The next generation of supercomputers has an official start date. Intel and the US Department of Energy (DOE) are teaming up to deliver the world's first exascale supercomputer in 2021, giving a huge boost to many different fields of research. Named Aurora, the new system will be a thousand times more powerful than the petascale generation that began in 2008 and is still in wide use today.

Aurora will boast a performance of one exaflop, which is equal to one quintillion floating point operations per second. That will make it the first exascale supercomputer in the United States, and unless another competitor emerges from the shadows in the next two years, it's on track to be the first in the world.

By comparison, the most powerful supercomputer in operation today – Summit, located at Oak Ridge National Laboratory (ORNL) – runs at 200 petaflops.

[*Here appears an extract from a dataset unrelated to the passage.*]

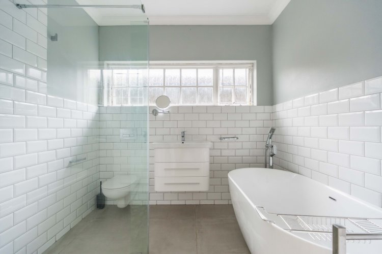 The main bedroom is generously sized, complete with built-in cupboards and a stunning, contemporary en suite bathroom. The second bedroom offers lovely garden views, with a full family bathroom and a separate guest loo. There’s also flexibility to convert part of the layout into a third bedroom or home office, perfectly catering to family needs or work-from-home living.

One exaflop is equal to 1,000 petaflops, making Aurora five times more powerful.

The supercomputer itself will be built using upcoming generations of Intel tech, as well as components from sub-contractor Cray, Inc. The base will be Cray's supercomputer system code-named Shasta, made up of 200 cabinets joined with the Slingshot interconnect and running a version of the Shasta software. Housed in this frame will be Intel's Xe compute architecture running its One API software, as well as future generations of Xeon Scalable processor and Optane DC Persistent Memory.

So what can all this power be used for? It's designed to run both artificial intelligence systems like deep learning and more traditional high-performance computing (HPC) at the same time, which can be applied to problems that require crunching huge amounts of data. That includes things like weather forecasting, cosmology, mapping the human brain, developing new materials and drug discovery.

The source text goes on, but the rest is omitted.